High-speed video reveals a big difference in how salamanders react to falling. While ground-dwelling (nonarboreal) salamanders seem helpless during freefall in a vertical wind tunnel, arboreal salamanders maneuver confidently. This suggests that the tree-dwellers have adapted to routine falls, and perhaps use falling as a way to quickly move around in the canopies of the world’s tallest trees. The white spots are paper disks attached with water in order to track the motion of the head, body and tail. (Video produced by Roxanne Makasdjian with footage courtesy of Christian Brown)
Salamanders that live their entire lives in the crowns of the world’s tallest trees, California’s coast redwoods, have evolved a behavior well-adapted to the dangers of falling from high places: the ability to parachute, glide and maneuver in mid-air.

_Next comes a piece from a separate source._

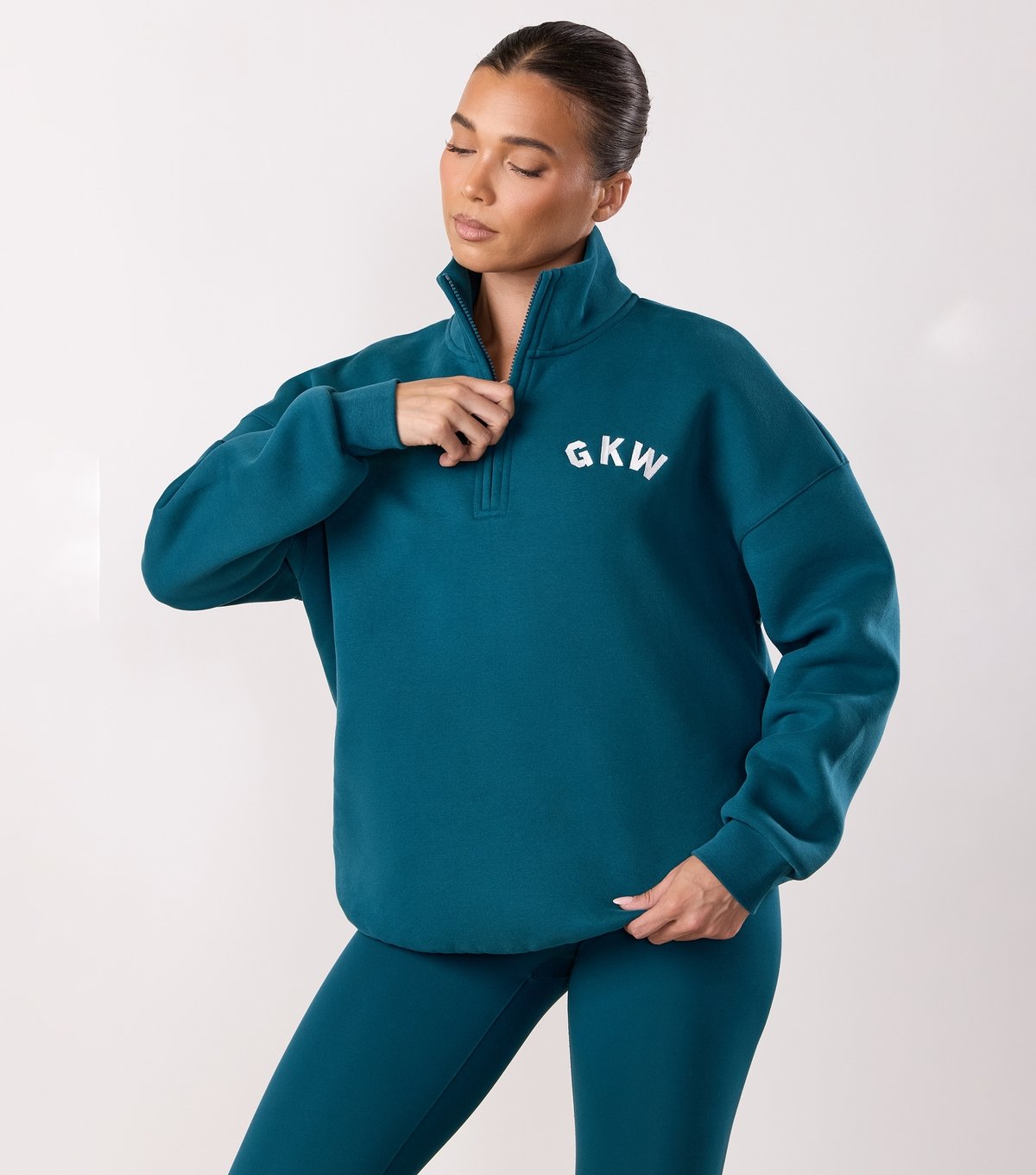 Sporty teal funnel neck zip-up from Gym King. Made from jersey fabric, this oversized sweatshirt features a fun teal colour and a GKW logo. Ideal for casual wear or gym sessions.

Flying squirrels, not to mention numerous species of gliding frogs, geckos, and ants and other insects, are known to use similar aerial maneuvers when jumping from tree to tree or when falling, so as to remain in the trees and avoid landing on the ground.
Similarly, the researchers suspect that this salamander’s skydiving skills are a way to steer back to a tree it’s fallen or jumped from, the better to avoid terrestrial predators.
“While they’re parachuting, they have an exquisite amount of maneuverable control,” said Christian Brown, a doctoral candidate at the University of South Florida (USF) in Tampa and first author of a paper about these behaviors. “They are able to turn. They are able to flip themselves over if they go upside down. They’re able to maintain that skydiving posture and kind of pump their tail up and down to make horizontal maneuvers. The level of control is just impressive.”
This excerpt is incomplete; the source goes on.